• **GIVEN RECORDS**:
────────

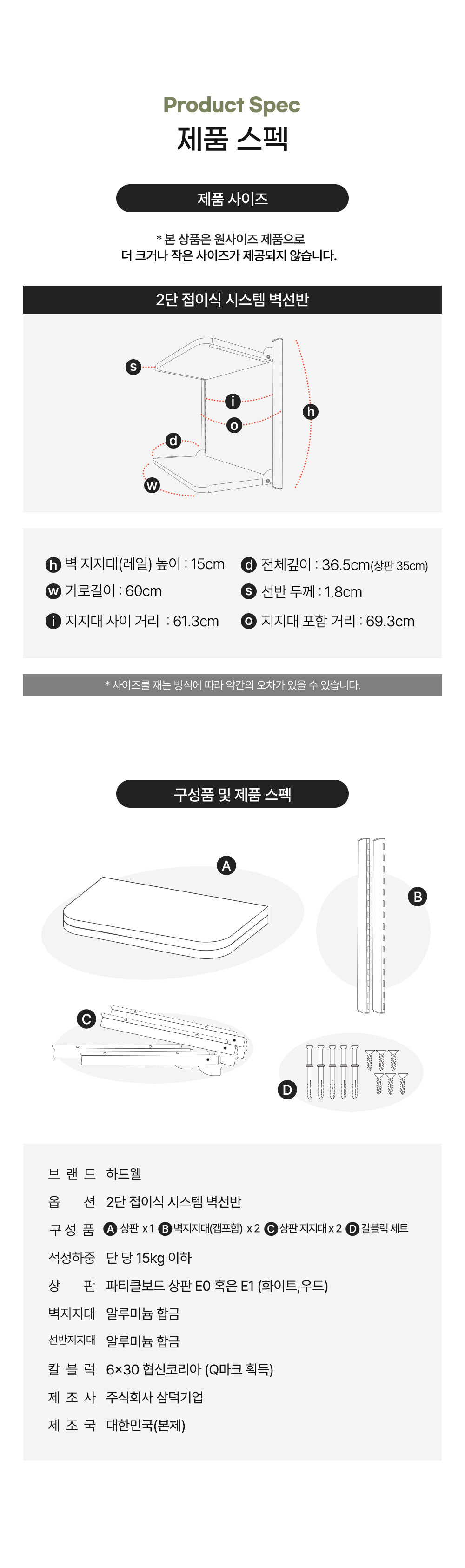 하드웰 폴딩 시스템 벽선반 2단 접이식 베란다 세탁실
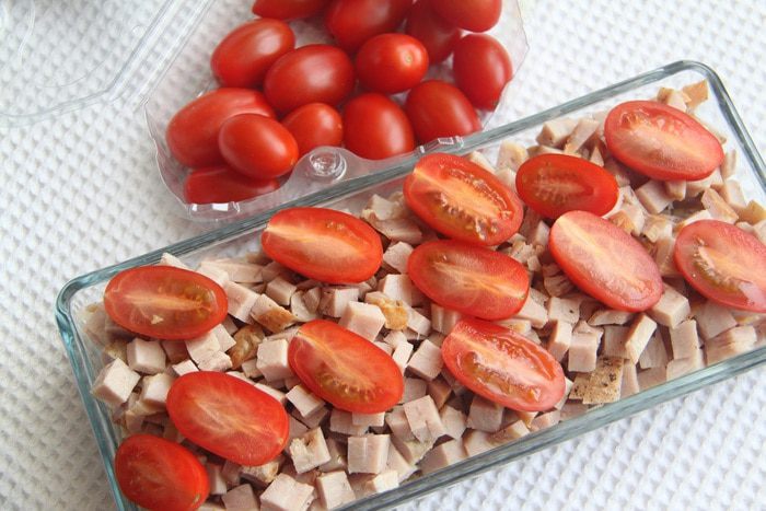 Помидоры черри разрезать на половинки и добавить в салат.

────────

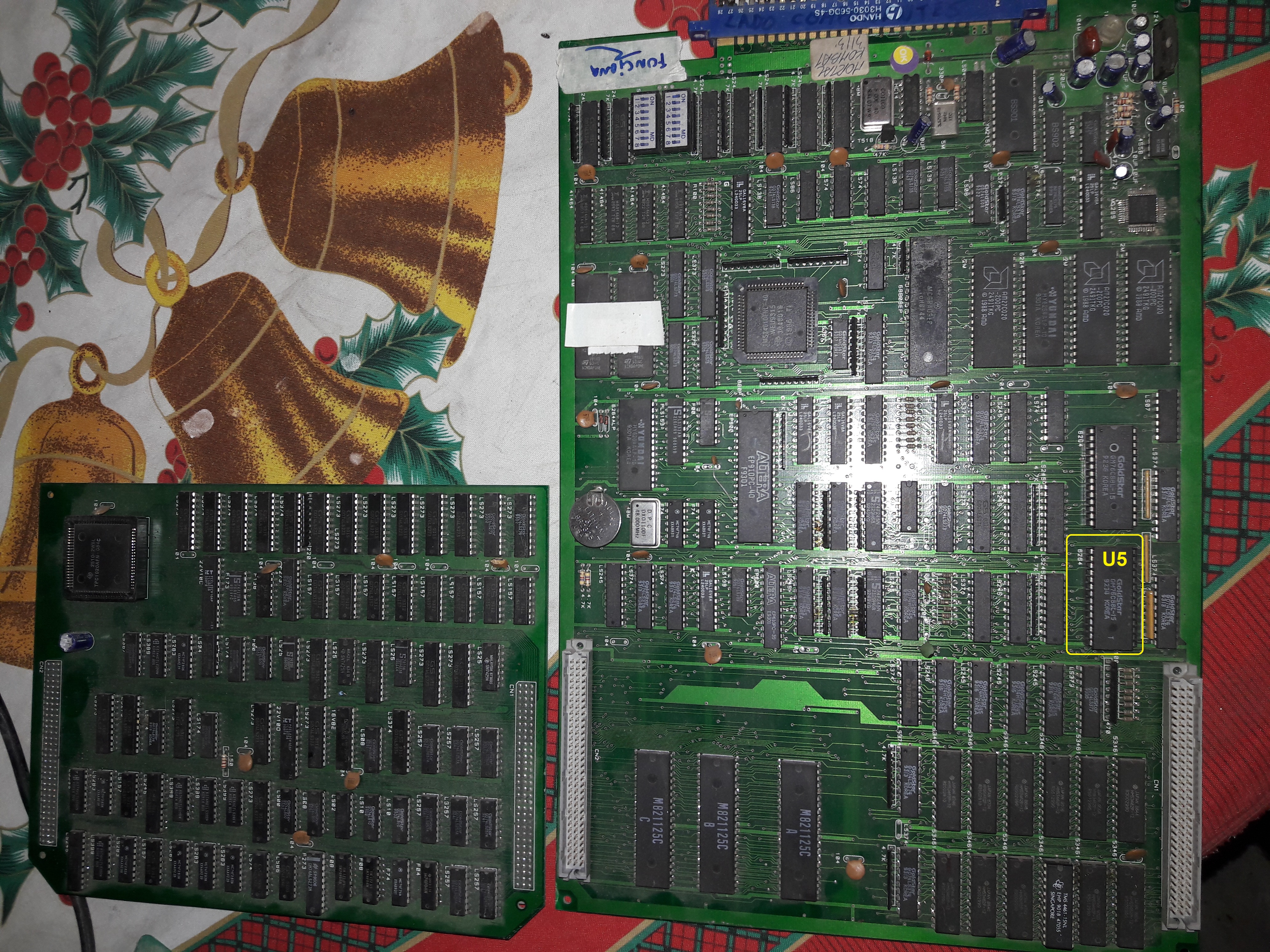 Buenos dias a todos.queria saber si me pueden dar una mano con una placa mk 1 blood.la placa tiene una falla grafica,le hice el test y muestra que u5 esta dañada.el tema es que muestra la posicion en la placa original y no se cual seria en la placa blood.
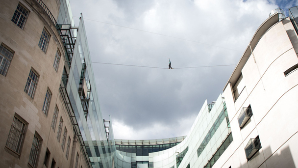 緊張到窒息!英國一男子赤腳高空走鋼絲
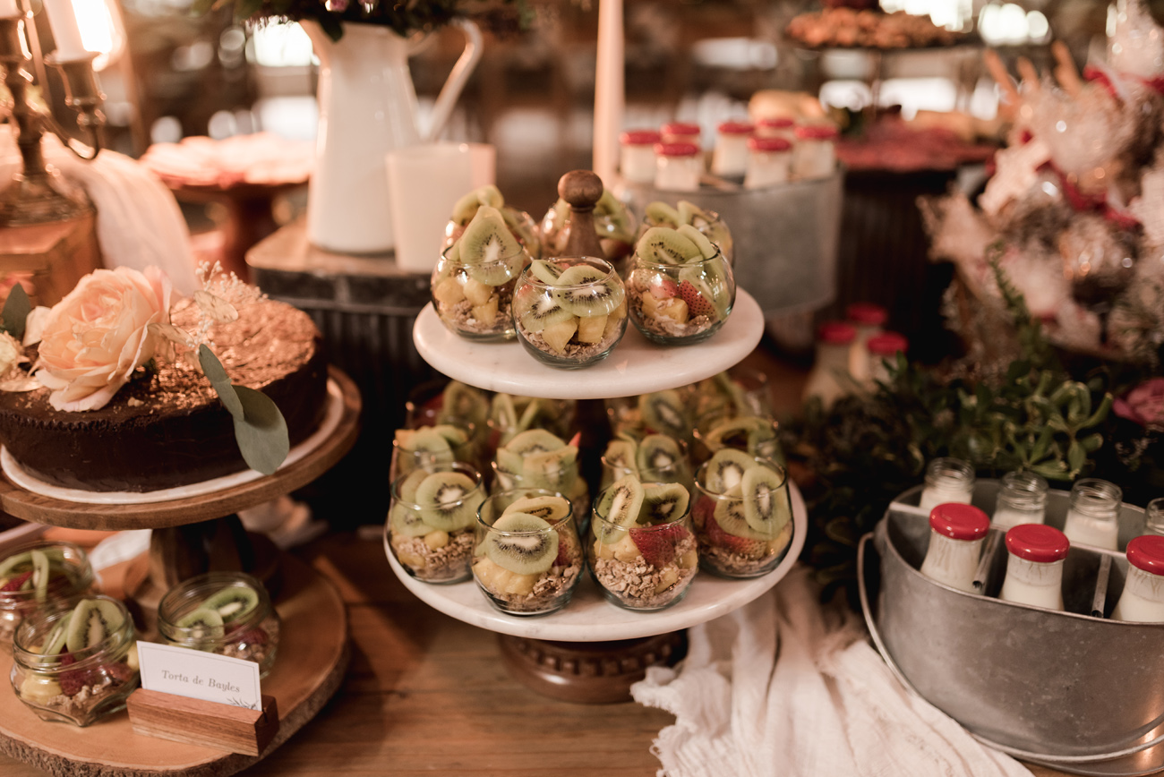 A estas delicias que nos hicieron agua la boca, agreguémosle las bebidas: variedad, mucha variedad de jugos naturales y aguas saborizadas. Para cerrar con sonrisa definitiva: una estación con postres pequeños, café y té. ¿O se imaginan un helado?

────────

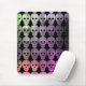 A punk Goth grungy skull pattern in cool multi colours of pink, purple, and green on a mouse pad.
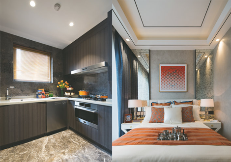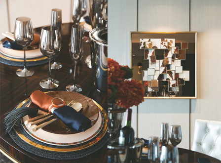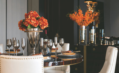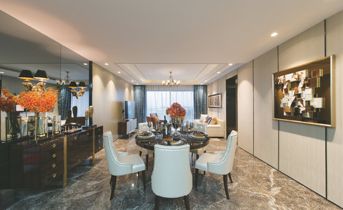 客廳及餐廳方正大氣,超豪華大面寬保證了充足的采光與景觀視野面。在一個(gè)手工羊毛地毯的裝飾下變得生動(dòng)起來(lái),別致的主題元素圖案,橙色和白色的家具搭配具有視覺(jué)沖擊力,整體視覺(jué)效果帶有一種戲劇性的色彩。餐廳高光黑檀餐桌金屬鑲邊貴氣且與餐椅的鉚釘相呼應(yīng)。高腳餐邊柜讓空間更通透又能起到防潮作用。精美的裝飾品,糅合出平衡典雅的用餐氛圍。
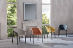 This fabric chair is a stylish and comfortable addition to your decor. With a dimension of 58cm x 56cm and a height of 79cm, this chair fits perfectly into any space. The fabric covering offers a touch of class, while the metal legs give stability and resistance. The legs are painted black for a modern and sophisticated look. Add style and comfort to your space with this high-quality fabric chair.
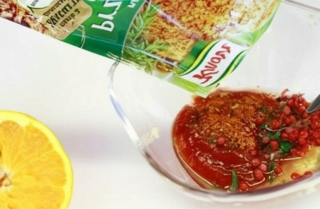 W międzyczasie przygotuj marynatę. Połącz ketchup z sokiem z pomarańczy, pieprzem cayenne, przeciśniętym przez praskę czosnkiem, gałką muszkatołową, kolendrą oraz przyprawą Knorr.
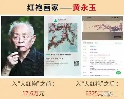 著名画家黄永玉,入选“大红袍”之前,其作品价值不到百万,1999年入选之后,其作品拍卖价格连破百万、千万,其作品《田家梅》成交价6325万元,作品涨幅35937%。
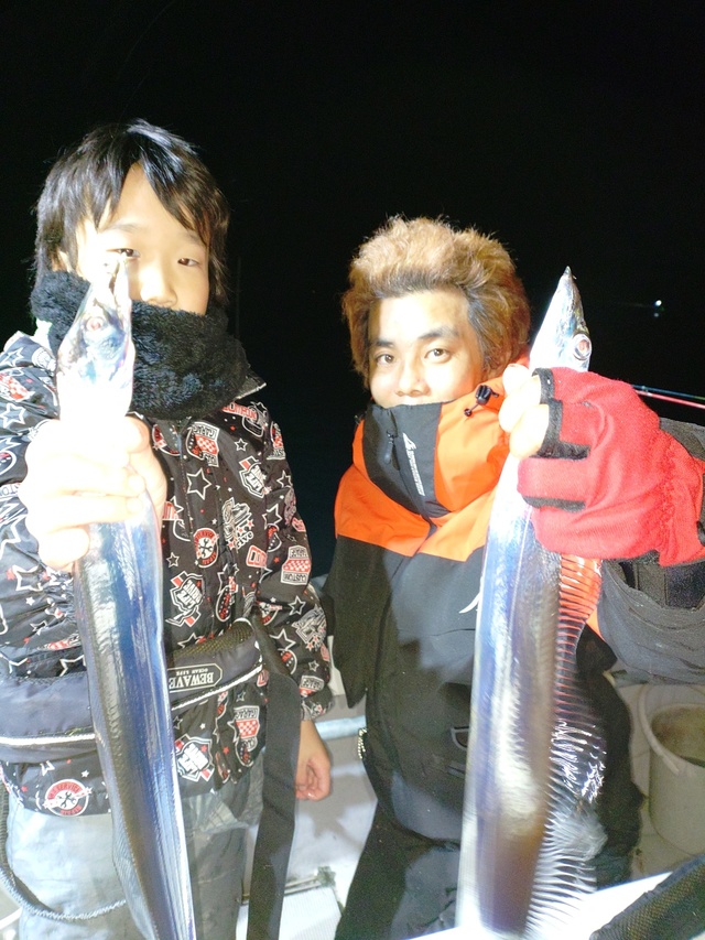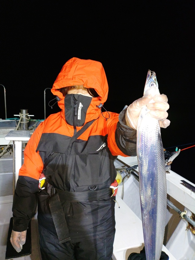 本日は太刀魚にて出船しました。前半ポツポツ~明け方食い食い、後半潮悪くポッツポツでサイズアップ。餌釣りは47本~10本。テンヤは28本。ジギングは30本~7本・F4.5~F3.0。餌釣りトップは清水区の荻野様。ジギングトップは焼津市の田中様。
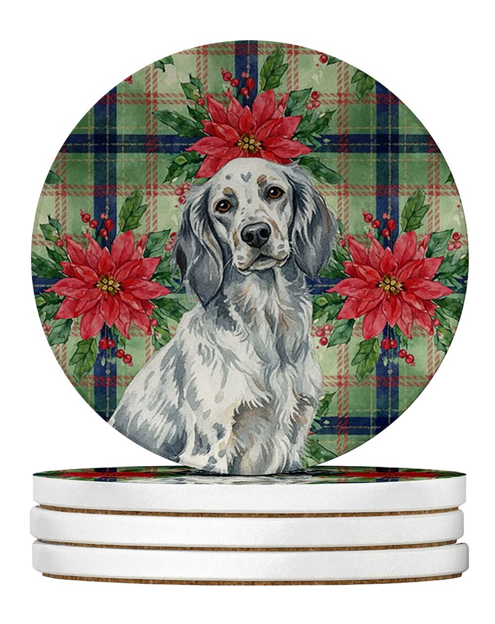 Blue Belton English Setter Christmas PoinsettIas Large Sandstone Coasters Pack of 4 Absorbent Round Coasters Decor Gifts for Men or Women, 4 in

────────

• **ASSIGNMENT**:
No picture is to be printed. Output exactly the lines above from the line containing "W międzyczasie przygotuj" through the line containing "Blue Belton English".

• **TASK SOLUTION**:
 W międzyczasie przygotuj marynatę. Połącz ketchup z sokiem z pomarańczy, pieprzem cayenne, przeciśniętym przez praskę czosnkiem, gałką muszkatołową, kolendrą oraz przyprawą Knorr.
 著名画家黄永玉,入选“大红袍”之前,其作品价值不到百万,1999年入选之后,其作品拍卖价格连破百万、千万,其作品《田家梅》成交价6325万元,作品涨幅35937%。
 本日は太刀魚にて出船しました。前半ポツポツ~明け方食い食い、後半潮悪くポッツポツでサイズアップ。餌釣りは47本~10本。テンヤは28本。ジギングは30本~7本・F4.5~F3.0。餌釣りトップは清水区の荻野様。ジギングトップは焼津市の田中様。
 Blue Belton English Setter Christmas PoinsettIas Large Sandstone Coasters Pack of 4 Absorbent Round Coasters Decor Gifts for Men or Women, 4 in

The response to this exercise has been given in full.